Kevin Manzano Cortés (born 25 February 1999) is a Spanish professional footballer who plays as a right winger for Las Rozas CF.

Club career
A CD San Fernando de Henares youth graduate, Madrid-born Manzano made his first-team debut for the club on 12 October 2017, playing the last 14 minutes and scoring the equalizer in a 1–1 Tercera División home draw against AD Alcorcón B. He went on to feature regularly during the campaign, scoring eight goals in 22 appearances as his side finished in an impressive sixth position.
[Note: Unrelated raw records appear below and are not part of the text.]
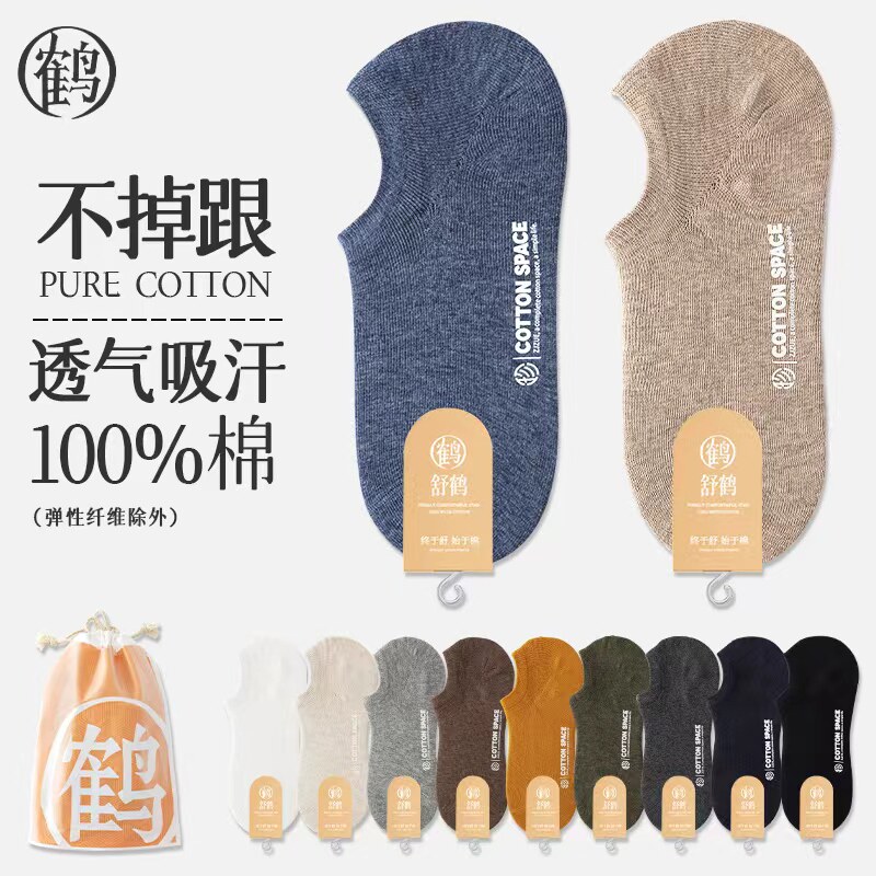 Boat socks men's socks pure cotton bottom ice silk summer thin invisible non-slip heel anti-odor sweat breathable and traceless
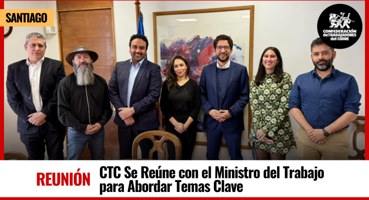 Santiago, 28 de octubre de 2025 – La presidenta de la Confederación de Trabajadores del Cobre (CTC), Ana Lamas Aguirre, y el dirigente Patricio Roco, sostuvieron una importante reunión con el Ministro del Trabajo y Previsión Social de Chile, Giorgio Boccardo, para exponer las problemáticas que afectan a los trabajadores del sector y buscar compromisos concretos.
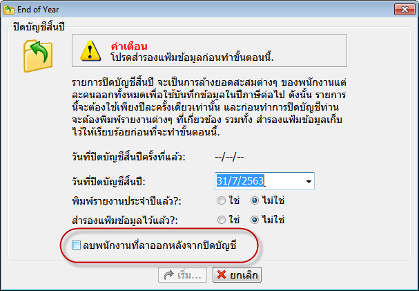 - เพิ่มขั้นตอนให้ลบรหัสพนักงานที่ลาออกให้โดยอัตโนมัติเมื่อปิดบัญชีสิ้นปี

On 6 August 2018, Manzano moved to Getafe CF and was assigned to the reserves also in the fourth division. The following 19 July, he joined another reserve team, Atlético Albacete in the same category, but left the club on 14 November 2019 and subsequently returned to his first side San Fernando.

On 30 September 2020, Manzano signed for Rayo Vallecano's B-team, still in division four. He left on 29 July of the following year and joined CF Fuenlabrada, spending the pre-season with the main squad but being initially assigned to the reserves in Tercera División RFEF.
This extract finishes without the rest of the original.